Потом он, покачнувшись, садится, прячет лицо в ладони (на трех костяшках — гематомы), мыкает Маша, ты как… — запутывается и суетится. Маше приходится встать и двинуться вслед за ним обратно к калитке, причем он поворачивается к ней спиной, шепотом бормочет что-то про мать, которую муха укусила, и машет рукой — пойдем, пойдем.

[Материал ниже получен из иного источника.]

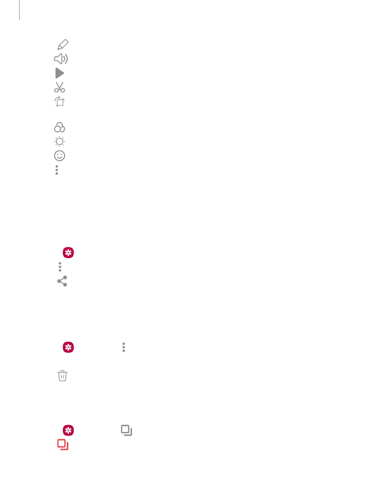 Share pictures and videos from the Gallery app.

На улице, шагах в двадцати от дома, он говорит громче и внятнее, он уже придумал: поздно вернулся, мать легла спать, и он не хотел ее будить, она вообще спит теперь не очень, да и здоровье не то, и несколько раз повторяет, что она святая женщина. Они идут дальше, и чем больше отец запутывается в словах про здоровье, сон и святую женщину, тем чаще речь его перебивается упоминанием магазина, и наконец, дойдя до угла, он озабочен только временем — который час. Маша понимает вдруг, что это вопрос, достает телефон и говорит. А, открылся уже, — отец протяжно глядит в сторону пластиковой двери с большими красными цифрами «9:00–22:00» и бредет дальше, все так же пряча лицо.
Маша уже все поняла, но она не может себе представить, как это она скажет: «пап, тебе, может, выпить надо?» или так: «папа, тебе подлечиться не надо?» или как-нибудь еще. Она чувствует одуряющую тупую слабость, останавливается, погружает тяжелую, мигом постаревшую руку в карман и просто (na-ап) достает кошелек. Отец искоса смотрит на нее, и по тому, как он берет вынутые из кошелька сто рублей, становится понятно, что она еще вовремя приехала — объявись она (вопреки еще не данному обещанию) через год или два, он уже не брал бы их застенчиво, сжавшись всем телом, а заискивающе и нарочито громко сказал бы «доча, дай батяне на маленькую».
Устроившись на огромной сосновой колобахе в жидкой тени бледно-зеленой на фоне неба березы, отец глотает по чуть-чуть водку и рассказывает Маше новости. Маша садится рядом, чтобы слушать. Новости — это то, что ей придется слушать целый день. То, что расскажет ей отец, потом с подробностями перескажет мать — уже после того, как отец, немного порозовев, вдруг спохватится (она-то что, так и не знает?), потащит ее за руку домой, чуть подтолкнет вперед в дверях: встречай, мать! — и мать, не по годам высохшая и согнутая, будет рада до слез, но радость не помешает ей прикрикнуть на отца так, что у Маши сведет судорогой лицо: хоть дочери бы постыдился (отец глупо улыбается).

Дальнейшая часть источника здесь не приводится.